When I met Meemo… I discovered I wasn’t the only trapezoid in the world. When I met her and her family, I realized that all along, there was a trapezoid hole that my trapezoid peg would fit into. When I went to the Casino with her, I realized that I really did belong somewhere… and unfortunately, I spent the first 24 years of my life completely lost to where that was. And I discovered that I really was angry. Angry that I had to be that peg, the one that didn’t fit. Angry that I wasn’t one of those people that could turn my peg from a trapezoid to a square so that it would fit. Angry at my parents because they didn’t see me for me, they only wanted the child they wanted, and I just wasn’t it. Angry that all along, I really wasn’t so bad, I just didn’t know it. I am angry because this isn’t how life was supposed to have been.
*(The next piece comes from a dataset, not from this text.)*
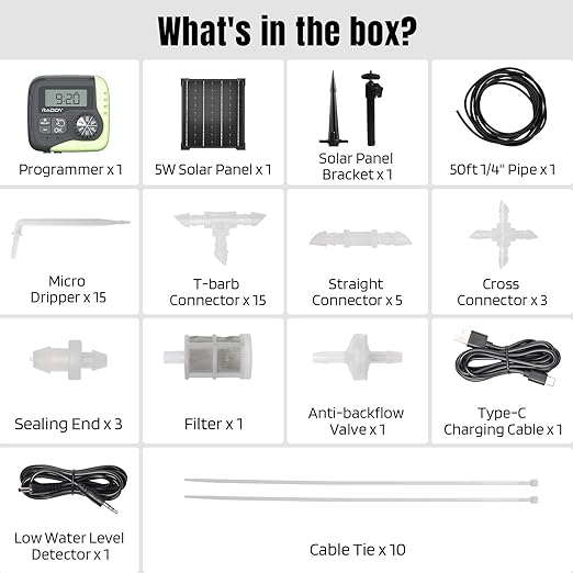 • Easy Installation: The Raddy WS-1 makes installation a breeze with its complete kit, including a programmer, a 5W solar panel, micro drippers, a 50-foot-long 1/4'' pipe, and various connectors. Start using it right away and create your own DIY auto-irrigation system effortlessly.
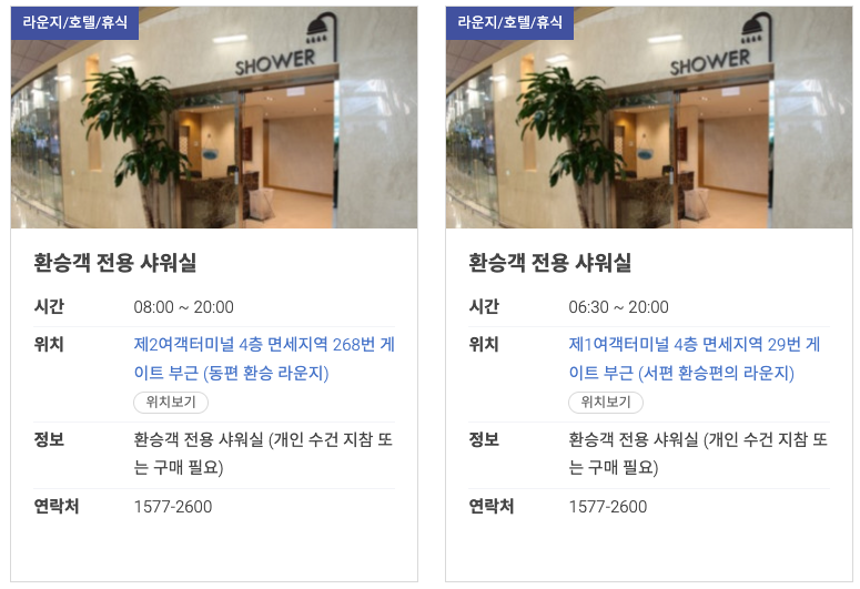 인천공항 무료 샤워실 정보

However, it is how life was, absolutely nothing can change that. What I can change is now. I wish I could say I don’t waste time on these emotions, but unfortunately, I think just to get through this, I am going to have to. I deal with them, one step at a time. There is one thing that I am not angry about. I am not angry about the relationship that my Meemo and I have now. I am a little upset that it has to be formed now, instead of when I was an infant, however, I do not believe for one second that the relationship we have now is the same thing that would have formed had she been the one to raise me. It would have been so different. Sometimes I wonder if because we are so alike, if we would have liked each other much growing up. I don’t know, these are questions whose answers I do not have. What I have is now… What I have is an amazing relationship with an amazing woman who just happens to be my biological mother. For as much as I wish I could change the way life went, I wonder how much I would really want to change that. I don’t think I would know her as the woman that I know now… and I don’t think she would know me as the woman that I am now.
I guess the whole point of this, is that there are silver linings to every storm cloud. For every nasty emotion I feel, there is an overpowering happy one. For every wish I have, another has been granted. I not only found my mother, but I found a friend… as corny as it sounds, its the truth. Sometimes I wonder if I would even want to give that up. After all, the last 24 years of my life are gone, over, what I have is the present. And surprisingly enough, I think I am ok with that.